Records for processing Start Marker

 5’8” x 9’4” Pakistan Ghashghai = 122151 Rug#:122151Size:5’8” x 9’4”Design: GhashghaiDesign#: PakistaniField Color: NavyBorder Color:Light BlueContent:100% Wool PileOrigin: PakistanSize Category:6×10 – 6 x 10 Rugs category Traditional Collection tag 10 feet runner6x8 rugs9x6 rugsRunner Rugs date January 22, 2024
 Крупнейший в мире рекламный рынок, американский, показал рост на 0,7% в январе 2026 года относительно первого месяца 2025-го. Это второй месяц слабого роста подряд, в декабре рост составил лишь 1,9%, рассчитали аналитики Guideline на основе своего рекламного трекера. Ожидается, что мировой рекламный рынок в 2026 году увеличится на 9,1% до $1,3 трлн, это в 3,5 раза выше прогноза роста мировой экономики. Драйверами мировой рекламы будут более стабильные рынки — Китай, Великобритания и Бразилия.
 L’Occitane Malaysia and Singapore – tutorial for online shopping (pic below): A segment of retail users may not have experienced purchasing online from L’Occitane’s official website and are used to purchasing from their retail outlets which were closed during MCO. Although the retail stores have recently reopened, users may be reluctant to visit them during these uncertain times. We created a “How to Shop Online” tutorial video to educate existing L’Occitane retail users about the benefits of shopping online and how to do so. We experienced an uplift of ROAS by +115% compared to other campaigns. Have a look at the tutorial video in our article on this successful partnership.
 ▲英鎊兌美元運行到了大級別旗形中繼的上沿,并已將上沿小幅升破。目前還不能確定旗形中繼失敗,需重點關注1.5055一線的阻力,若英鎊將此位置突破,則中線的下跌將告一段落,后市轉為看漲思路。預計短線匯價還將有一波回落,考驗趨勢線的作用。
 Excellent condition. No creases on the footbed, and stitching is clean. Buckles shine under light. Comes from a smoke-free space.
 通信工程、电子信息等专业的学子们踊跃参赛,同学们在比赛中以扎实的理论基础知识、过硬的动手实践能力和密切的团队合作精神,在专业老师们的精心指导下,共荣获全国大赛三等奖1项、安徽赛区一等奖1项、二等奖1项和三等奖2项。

Records for processing End Marker

### Try it
Write the data out again. Match it word for word.

### Solution to the problem
 5’8” x 9’4” Pakistan Ghashghai = 122151 Rug#:122151Size:5’8” x 9’4”Design: GhashghaiDesign#: PakistaniField Color: NavyBorder Color:Light BlueContent:100% Wool PileOrigin: PakistanSize Category:6×10 – 6 x 10 Rugs category Traditional Collection tag 10 feet runner6x8 rugs9x6 rugsRunner Rugs date January 22, 2024
 Крупнейший в мире рекламный рынок, американский, показал рост на 0,7% в январе 2026 года относительно первого месяца 2025-го. Это второй месяц слабого роста подряд, в декабре рост составил лишь 1,9%, рассчитали аналитики Guideline на основе своего рекламного трекера. Ожидается, что мировой рекламный рынок в 2026 году увеличится на 9,1% до $1,3 трлн, это в 3,5 раза выше прогноза роста мировой экономики. Драйверами мировой рекламы будут более стабильные рынки — Китай, Великобритания и Бразилия.
 L’Occitane Malaysia and Singapore – tutorial for online shopping (pic below): A segment of retail users may not have experienced purchasing online from L’Occitane’s official website and are used to purchasing from their retail outlets which were closed during MCO. Although the retail stores have recently reopened, users may be reluctant to visit them during these uncertain times. We created a “How to Shop Online” tutorial video to educate existing L’Occitane retail users about the benefits of shopping online and how to do so. We experienced an uplift of ROAS by +115% compared to other campaigns. Have a look at the tutorial video in our article on this successful partnership.
 ▲英鎊兌美元運行到了大級別旗形中繼的上沿,并已將上沿小幅升破。目前還不能確定旗形中繼失敗,需重點關注1.5055一線的阻力,若英鎊將此位置突破,則中線的下跌將告一段落,后市轉為看漲思路。預計短線匯價還將有一波回落,考驗趨勢線的作用。
 Excellent condition. No creases on the footbed, and stitching is clean. Buckles shine under light. Comes from a smoke-free space.
 通信工程、电子信息等专业的学子们踊跃参赛,同学们在比赛中以扎实的理论基础知识、过硬的动手实践能力和密切的团队合作精神,在专业老师们的精心指导下,共荣获全国大赛三等奖1项、安徽赛区一等奖1项、二等奖1项和三等奖2项。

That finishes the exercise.